** Opening Dataset extract block **
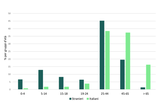 Il numero dei casi per anno viene mostrato nei valori totali e per nazionalità. Nella colonna stranieri sono inclusi sia gli immigrati regolarmente residenti in Italia sia quelli al primo ingresso.
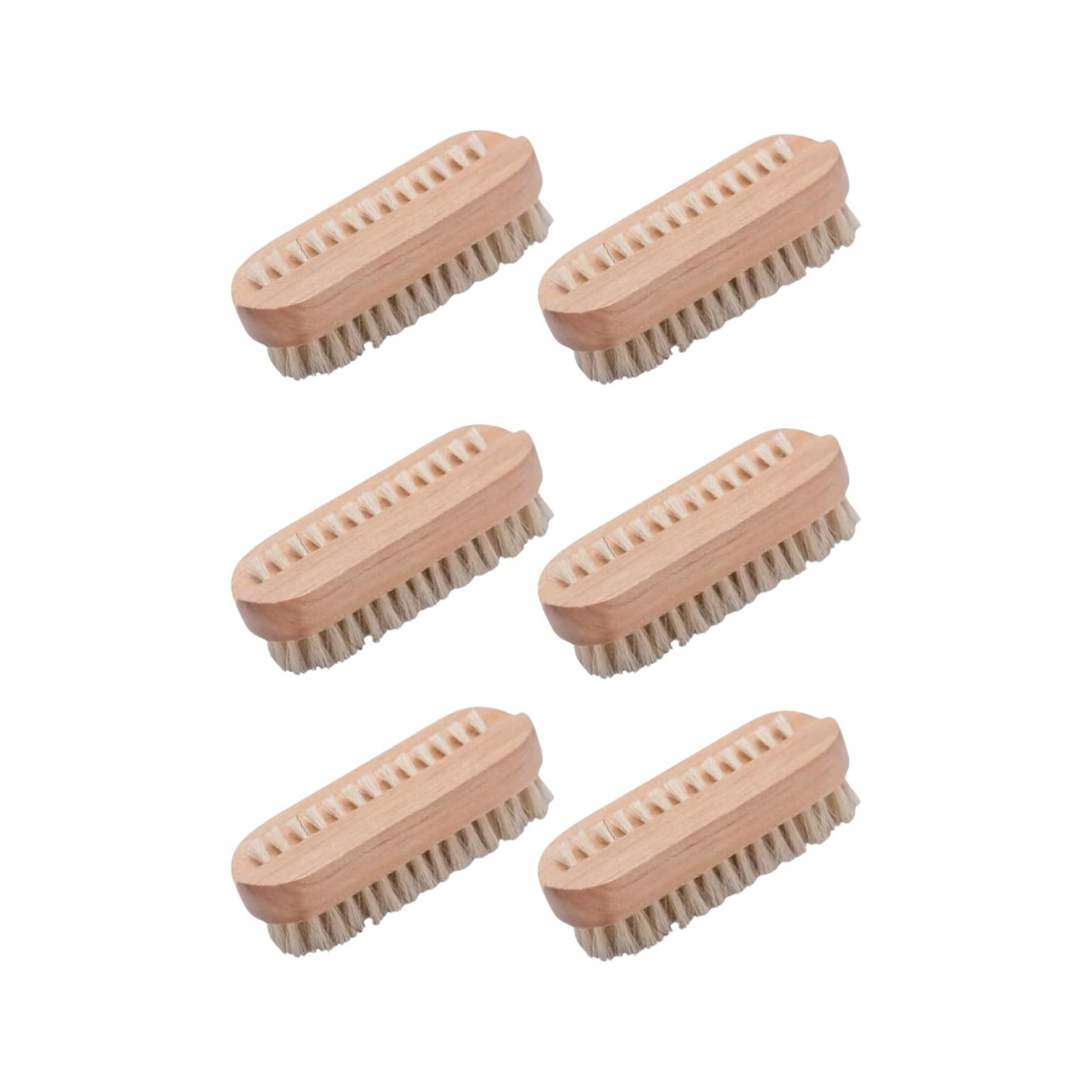 6 x Wooden Nail Brushes, Hygienic Double Sided Hand And Cleaning Brush, Scrubbing To Clean Under Dirt Grime Grease, Firm Strong Bristles, For Use On Fingernails Toenails
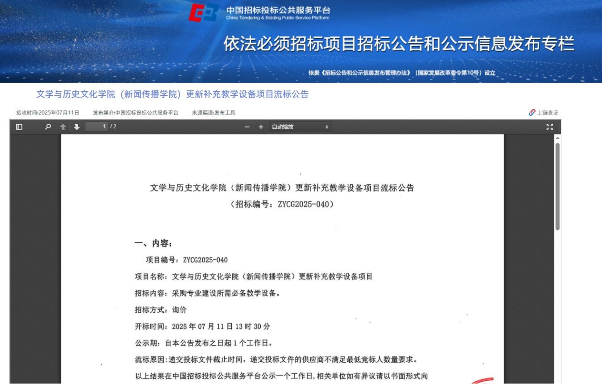 下一条:万象城AWC官方网站排污系统清掏服务采购项目(第2次)比价采购公告-废标公告(转自黑龙江省政府采购网)
** Closing Dataset extract block **
** Problem description **
Whenever images occur above, omit them and retype each line exactly as it stands.

** Reply to the task **
 Il numero dei casi per anno viene mostrato nei valori totali e per nazionalità. Nella colonna stranieri sono inclusi sia gli immigrati regolarmente residenti in Italia sia quelli al primo ingresso.
 6 x Wooden Nail Brushes, Hygienic Double Sided Hand And Cleaning Brush, Scrubbing To Clean Under Dirt Grime Grease, Firm Strong Bristles, For Use On Fingernails Toenails
 下一条:万象城AWC官方网站排污系统清掏服务采购项目(第2次)比价采购公告-废标公告(转自黑龙江省政府采购网)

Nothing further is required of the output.